PHASE 3 Payments + provisioning saga Revenue gate
Razorpay integration: 3 plan checkout, Orders API, webhook endpoint
Provisioning saga engine — BullMQ-backed, idempotent, resumable from last_step
Refund webhook handler (refund.created → suspend tenant)
Daily reconciliation job — 48h lookback against Razorpay API
Invoice generation + S3 storage
DPDP compliance gate: consent checkboxes live, Aadhaar verify-and-discard, privacy policy published
Renewal subscription lifecycle cron (BullMQ scheduled job)
Signal: Customer pays → site live in 60s.
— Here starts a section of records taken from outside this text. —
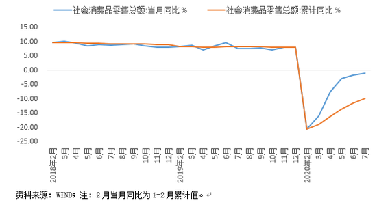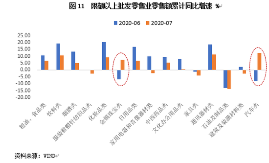 从具体商品类别来看,7月必需品零售额增速普遍放缓,粮油食品、饮料、日用品、中西药品等零售额同比增速较上月均有明显下滑。由于此前2-3个月上述类别商品零售额均呈现同比高增状态,故增速下滑后仍维持较快增长水平。7月可选消费品走势分化,同比增速较上月涨跌互现。当月石油及制品、房地产相关消费、服装表现较弱,化妆品、通讯器材增速放缓但仍处高增状态,汽车和金银珠宝增速则在上月剧烈下行基础上显著反弹。其中,7月汽车零售额同比增长12.3%,增速较上月加快20.5个百分点,与中汽协公布的7月汽车销量同比增长16.4%相一致。这主要受去年同期低基数拉动;另外,汽车促销政策频出、疫情下社交隔离催生新增购车需求等,也对汽车销售产生一定支撑。需要说明的是,在居民消费信心不稳定、整体消费需求较弱的背景下,各类别零售额增速在基数变动等因素影响下出现颠簸也属于正常现象,单月数据波动难以支撑趋势性判断。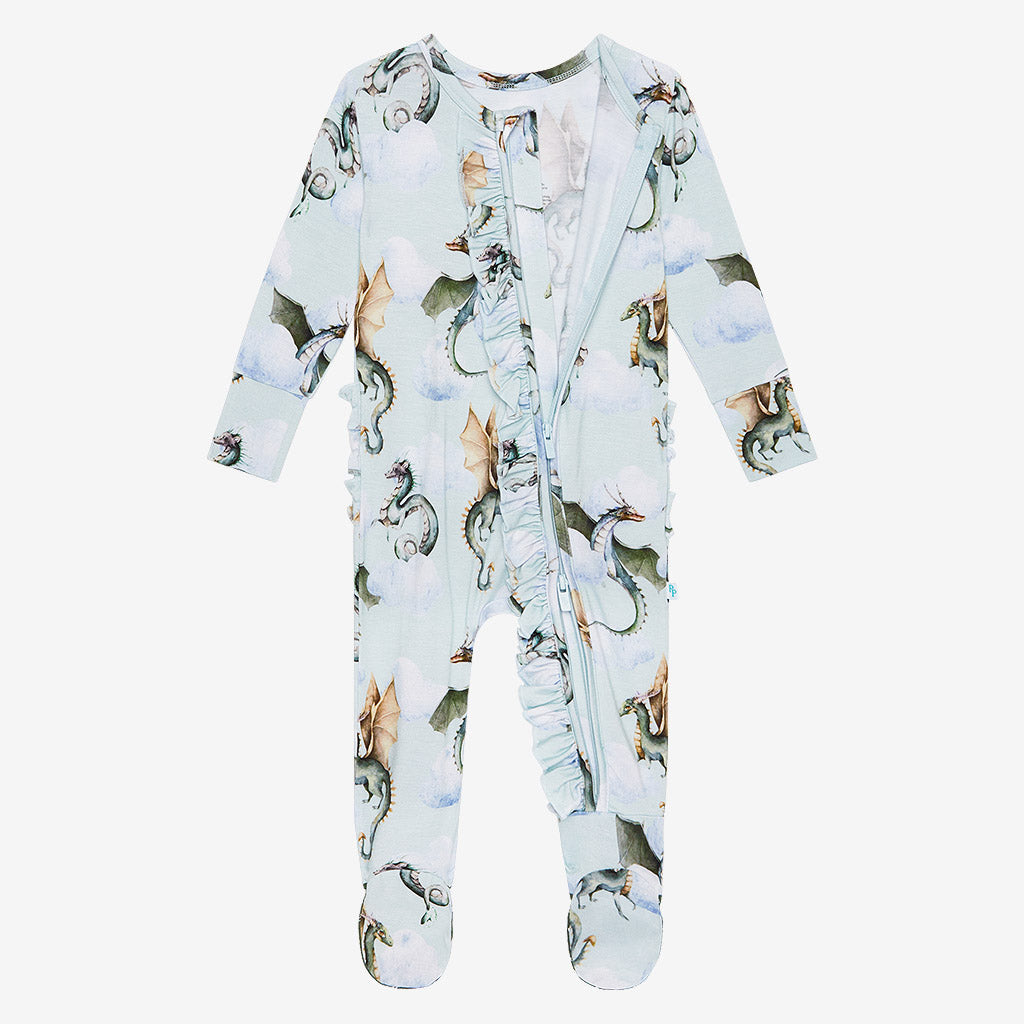 Viscose from bamboo one-piece footie coverall with reversible zipper opening. New reversible zippers are perfect for late-night changes and the ease of not undressing your peanut. Zip up or down for a quick change. Signature Posh Peanut Footie grips, elastic backing on footies for a snug fit and fold-over mittens in sizes NB and 0-3M. Buttery soft jammies so cute you can wear them out!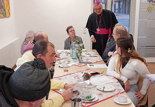 Erste Station war die liebevoll weihnachtlich dekorierte Cafeteria des im Jahr 2018 fertiggestellten Neubaus von St. Johannes, wo der Bischof bereits von zahlreichen Kundinnen und Kunden der Einrichtung, die sich zur Feier mit ihm und dem Mitarbeitenden-Team eingefunden hatten, freudig begrüßt wurde. Und auch Bischof Dr. Karl-Heinz Wiesemann bekundete gleich zu Beginn der Veranstaltung, dass es ihm eine besondere Freude sei, hier sein zu können - sei es doch zugleich sein erster Besuch in dem neuen Gebäude.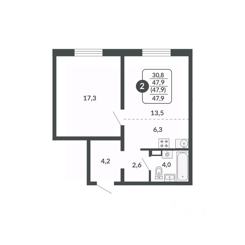 Общая площадь47,9 м2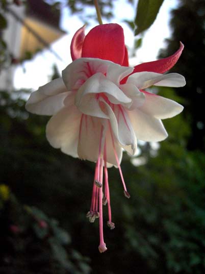 Ich will es insbesondere mal mit den winterharten Sorten versuchen und habe schon den Tom Thumb, die Lady Thumb, die Magellanica Tricolor, Aurea und Riccartonii. Sie sind in diesem Frühjahr / Sommer neu angepflanzt, und ich kann noch nichts über die tatsächliche Winterhärte sagen. Außer bei der Riccartonii, die ist ein Ableger vom Strauch meiner Mutter, und der kommt regelmäßig und wunderschön jedes Jahr wieder.Letzte Woche habe ich dann im Gartencenter eine F. Magellanica erstanden ohne weitere Bezeichnung, und weder in meinem Fuchsienbuch, noch im Internet bin ich mit der Bestimmung weitergekommen. Die neuen Blätter sind auffällig rot, und sie soll rosa / weiße Blüten bekommen. Habt Ihr eine Idee, wer das sein könnte????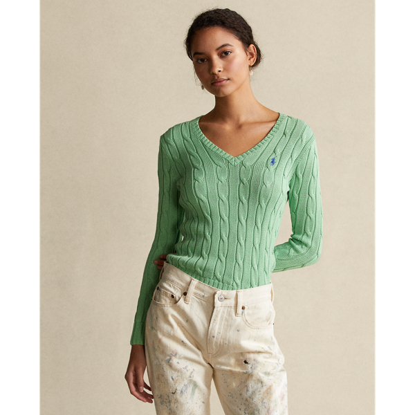 Der robuste und praktische Polo-Pullover mit dem legendären, von Fischerseilen inspirierten Zopfmuster hat sich zu einem Symbol für den College-Stil entwickelt. Diese Version aus weicher Baumwolle präsentiert sich mit schmaler Silhouette und V-Ausschnitt.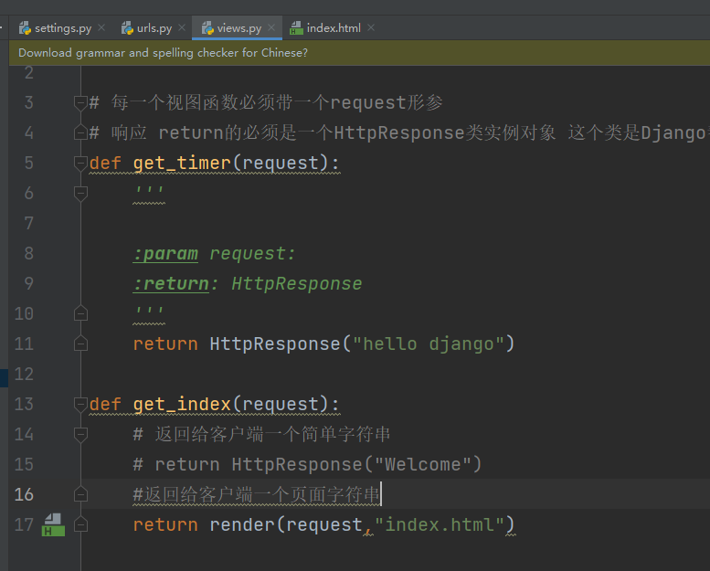 # 响应 return的必须是一个HttpResponse类实例对象 这个类是Django帮忙构件好的吗,只需要引用一下就好(L18所示)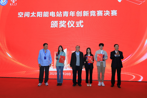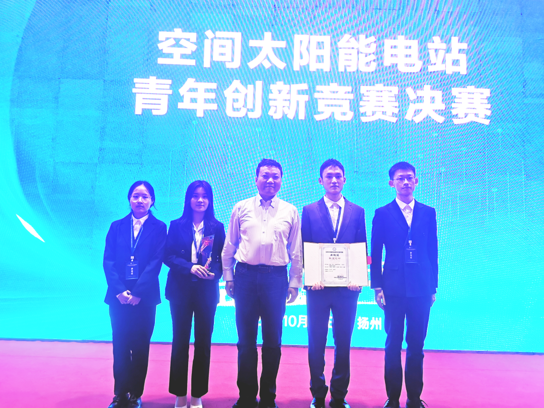 研究生范睿楠、景建伟、米俊霖、周艺林和蒲香组成的代表队,在刘长军和闫丽萍教授的指导下完成的参赛作品《透明“绿色”能量接收系统——空间太阳能电站地面新模式》,经现场汇报、展示和专家质询,获全国第二名。

Provisioning_jobs table shows 'complete'. Reconciliation job runs without errors. Intentionally kill server mid-provisioning → saga resumes on restart.
PHASE 4 Super admin dashboard Week 5-6
Full tenant list: all fields, subscription status, days remaining, payment history
Live/Shutdown toggle, expiry alerts, Razorpay transaction view
Provisioning job monitor — see in-flight and failed provisioning attempts
BullMQ Bull Board embedded in admin panel
Data request management (export / deletion requests from tenants)
PHASE 5 Monitoring + observability Week 7
Sentry: errors, slow transactions, payment webhook failures
Internal uptime checker + external BetterUptime on main domain
Health endpoint: DB, Redis, MinIO, queue depths, worker status
Job failure alerting: any BullMQ job hitting dead-letter queue → Slack alert to Nimit
Structured logging: provisioning, webhooks, cron, admin actions
pg_stat_statements monitoring — alert on catalog query degradation
PHASE 6 Custom domains Week 8
Custom domain input in CMS, async Coolify API provisioning
ssl_status polling: pending → verifying → active, shown in CMS with instructions
Honest UX: "Your domain will be live with HTTPS within 10–15 minutes" — not 60 seconds
DNS instruction generator (A record pointing to server IP, shown inline)
Domain verification check: ping tenant domain, confirm it resolves to our server before requesting cert
PHASE 7 Scale & harden When needed
Load test: 100 concurrent site visitors, target <200ms p95
Security audit: JWT rotation, rate limiting review, dependency scan
Read replica for PostgreSQL (at 500+ tenants)
Cloudflare CDN in front of platform for static asset edge delivery
Cold standby VPS DR test — full restore drill, measure actual RTO
Backup verification monthly cron — restore and verify row counts
Schema catalog monitoring — alert if pg_namespace count exceeds 5000
Note: PgBouncer and BullMQ are no longer in this phase — they were moved to Phase 1 where they belong.